Van Morrison “Snow in San Anselmo”, 1973
“My wife and I were living in London, and we didn’t much like it. I was working at a hi-fi magazine, reviewing hi-fi equipment, and I had started to have panic attacks. I went to the doctor and he said to get away for a while. So I went to the hi-fi mag and said I’ve got to take a bit of time off, and I grabbed a stash of cassettes to take with me to play on my Walkman, and I jumped on a train and ended up in a little seaside town called Scarborough in Yorkshire, out of season, so it was completely empty. And I would walk up and down the beach listening to Van Morrison. And I thought, I’ve got to make some big changes in my life, I can’t keep having these panic attacks, I don’t like living in London, what the hell am I doing? I’d had one book published, but I wasn’t making any money. I got back from that little break and had a conversation with [my wife] and we decided we had to get out of London, and we would go and live in France with almost no money, but hey ho, we could do it, and I would become a full time writer.”

The Song That Reminds Me of Growing Up

Hawkwind “Silver Machine”, 1972
“I was at a holiday camp, Butlins, with my family on the west coast of Scotland, and I had enough money for a couple of singles. I think I bought ‘School’s Out’, Alice Cooper, and ‘Silver Machine’. It takes me back to 12 years old and that change from primary school to secondary school, and suddenly there was this huge kind of shift. We were starting to go into our teens and get interested in things that teenagers do. It was sci-fi, it was spacey, and then when you found out about [dancer] Stacia and her large breasts, that was another part of your learning process as a teen. I loved the sound of it, really basic synthesisers and swoosh noises. I grew up in a coal mining village in central Scotland and here was another world. It was a whole other world.”

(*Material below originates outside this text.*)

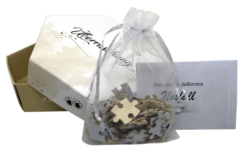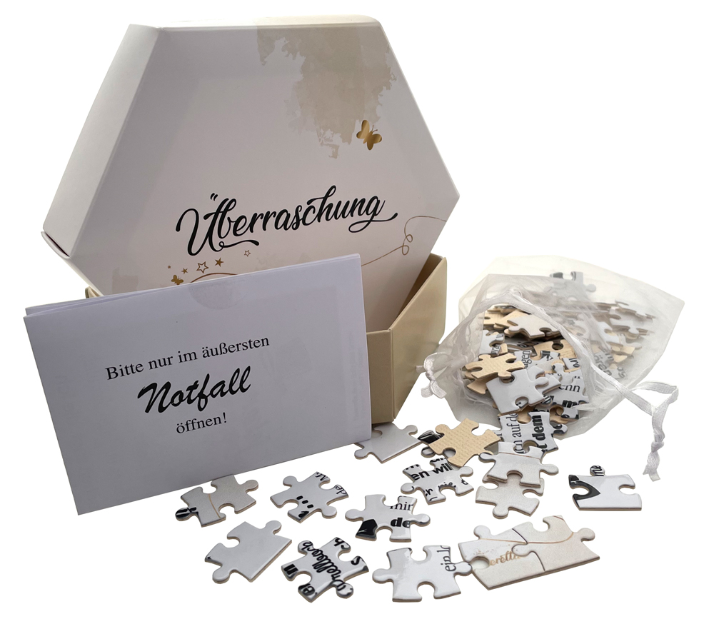 Überreiche ihm eine besondere, 6-eckige Schachtel aus stabilem Karton mit der Aufschrift “Überraschung”… Innen befindet sich ein – selbstverständlich zerlegtes – Puzzle in A5-Größe, bestehend aus 80 festen Teilen in einem kleinen Säckchen, die von Deinem Trauzeugen in spe zusammengesetzt werden müssen.

The Song That Best Sums Up Rebus

The Who “Substitute”, 1966
“Rebus is a big music fan, and I do that partly because it’s a shorthand way of introducing you to his world and who he is. So you can tell a bit about his social class, his age, from his musical taste. You can tell he’s not a party animal, he’s a bit of a loner, he’s sitting with a whiskey and a cigarette in his apartment, listening to Leonard Cohen or Van Morrison, stuff like that. But he’s a generation older than me and he would have been a fan of the Mod-era Who, cos he thought of himself as a bit of a rebel at school. It’s a cynical song and it’s a very worldly song, and I think the energy of it would appeal to Rebus. He’d be bouncing around the bedroom he shared with his brother. They’d have a Dansette record player, and they’d have the single on and they’d be jumping up and down to it.”